Top of The data

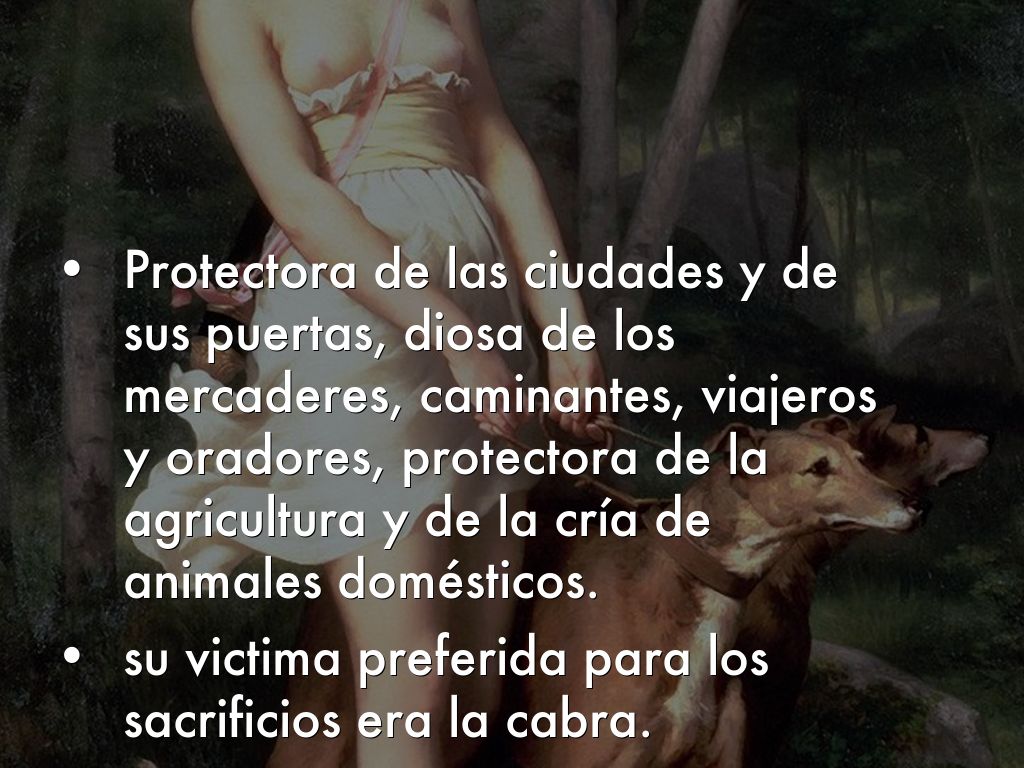 - Protectora de las ciudades y de sus puertas, diosa de los mercaderes, caminantes, viajeros y oradores, protectora de la agricultura y de la cría de animales domésticos.
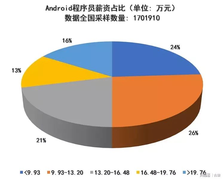 下面,是笔者从招聘网站上获得的,关于各种程序员、不同薪资区间的占比情况:
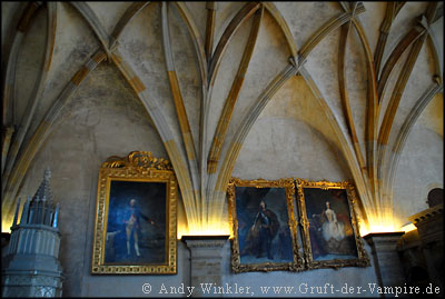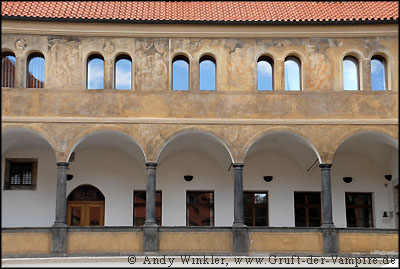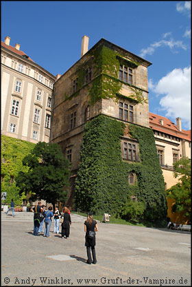In der Krypta der Burg sind u.a. die vier Ehefrauen von Kaiser Karl IV bestattet. Man sagt, ihre Geister wandeln nachts eifersüchtig kämpfend durch die endlosen Gänge, auf der Suche nach einem letzten Blick auf ihren Ehemann.

Bottom of The data

What you have to do:
Reproduce the full listing above verbatim, with no pictures included.

Written answer:
 - Protectora de las ciudades y de sus puertas, diosa de los mercaderes, caminantes, viajeros y oradores, protectora de la agricultura y de la cría de animales domésticos.
 下面,是笔者从招聘网站上获得的,关于各种程序员、不同薪资区间的占比情况:
In der Krypta der Burg sind u.a. die vier Ehefrauen von Kaiser Karl IV bestattet. Man sagt, ihre Geister wandeln nachts eifersüchtig kämpfend durch die endlosen Gänge, auf der Suche nach einem letzten Blick auf ihren Ehemann.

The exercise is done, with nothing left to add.